Soldiers from the north and south served in mud ditches trying to preserve the vital supply arteries that ran through Texas. Soldiers like President Jefferson Davis, whose Confederate plantation house south of Vicksburg, clearly saw why the city was worth defending. On the other hand, Jefferson Davis, the president, consistently directed Pemberton to protect Vickburg from danger. Unlike politicians and traders, farmers did not like the idea that the river should be closed off with Confederate artillery pouring over the banks where the water was flowing for the Confederacy, but they did.

After Vicksburg surrendered, the second Texas infantry was transferred to Texas to release prisoners of war. Grant earned the nickname "Unconditional Surrender" for bluntly offering the conditions to the Confederate garrison at Fort Donelson, Tennessee.

The regiment was reassembled and transferred to Corinth, Mississippi, to become part of the Mississippi Army, organized by General Albert Sidney Johnston. It was put under the command of Lt. Col.

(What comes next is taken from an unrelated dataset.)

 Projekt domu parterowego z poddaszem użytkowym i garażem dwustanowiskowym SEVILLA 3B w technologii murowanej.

Robert E. Lee, a native Texan, before being replaced in November 1863. By taking Vicksburg, the Confederates were able to move their own troops and supplies across the Transmississippi River and the Mississippi River Valley into the Deep South. This formed the basis for the Confederate Army's ability to hold the Trans Mississ Mississippi with the manpower and material needed by the other Southern military machines.

Lee's Northern Virginia army was forced to retreat to Pennsylvania and would never go on the offensive again. Together, Johnston said, the Army of Confederate Grants could defeat troops and move their troops to other vulnerable points of the Confederacy. The Confederate cavalry fought back, cutting Grant's "long supply line" to force him to retreat, and allowing the Confederates to relocate men to defeat the Union Army's supply lines to the Deep South and the city of Vicksburg. After the Union armies had overrun the cities in the north, east and south, a large-scale war broke out in Vickersburg within a few days.

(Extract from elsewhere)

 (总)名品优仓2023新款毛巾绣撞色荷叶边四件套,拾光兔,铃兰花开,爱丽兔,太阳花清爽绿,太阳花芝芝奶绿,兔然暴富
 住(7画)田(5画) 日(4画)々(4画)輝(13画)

Some of the Confederate lines were abolished, some marked with the impressive monuments of the Lone Star State. Confederate General James E. Lee and his men were put in position in Confederate uniforms, and the paint was pinned to the walls of their barracks.

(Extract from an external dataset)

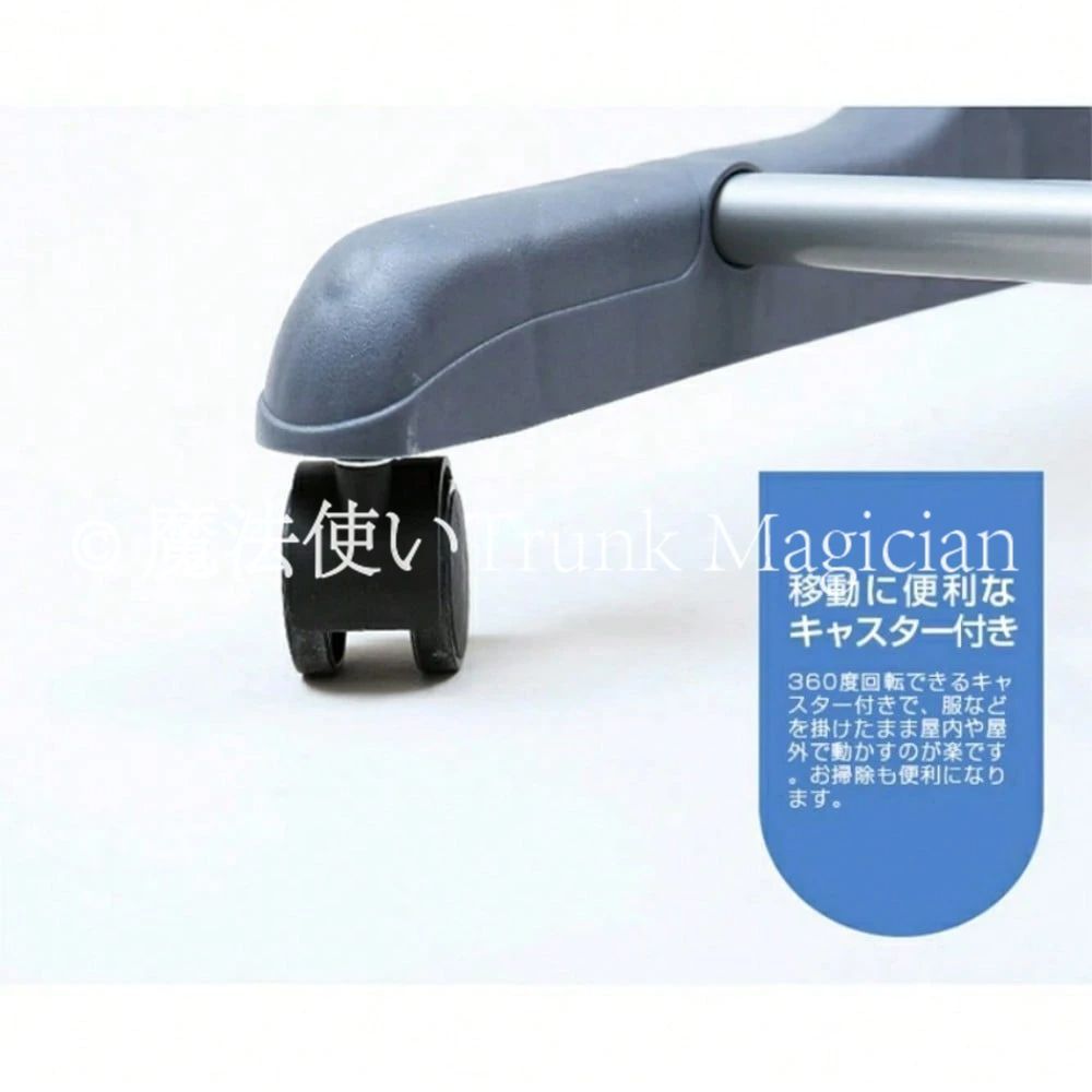 ●キャスター付き 360 度回転できるキャスター付きで、服などを掛けたまま屋内や屋外で動かすのが楽々、お掃除も便利になります。

They were shown with their faces in battle, their arms in front of their heads and their hands in the air, as they were depicted on the walls of the barracks of the Confederate General.

The defense of Vicksburg and Port Hudson fell to Lt. Gen. John Pemberton, who was a Pennsylvanian by birth but sided with the South at the urging of his wife, a Virginian. The next day, July 4, 1863, the capitulation was completed and the Union troops took control of the city. The Confederate troops withdrew from Vickersburg, but the road out of the city led Grant's army to the east, so the troops moved south, hoping to beat - and thus protect - the Yankees in Vickburg. When Pembrach's discouraged army came to Vickingburg, many women, children, and other noncombatants tried to leave, and many had to return.

The mood was somber as Texas and Mississippi joined forces to honor the Texans who served in the Battle of Raymond. In a proud moment for the city's mayor, Raymond Mayor Isla Tullos was presented with the Texas flag that recently flew at the Alamo. The Texas flag was received by the mayor of Vickersburg and his family and other members of his community.

The extensive list includes the famous Vicksburg National Military Park, which includes a restored Union gunboat, the Vickersburg Naval Station and a number of other historic sites. In 1899, Confederate veteran Stephen Dill Lee oversaw the construction of the Confederate National Cemetery, which was transferred to the National Park Service in 1933. On May 1, Grant won the Battle of Port Gibson and marched on the vital supply lines that connect Vickburg to Jackson. Then came the Battle of Chickasaw Bayou, a battle in which he was involved alongside the Confederates at a point north of VICKBURG, called Chick asaw Bayou, on May 2, 1863.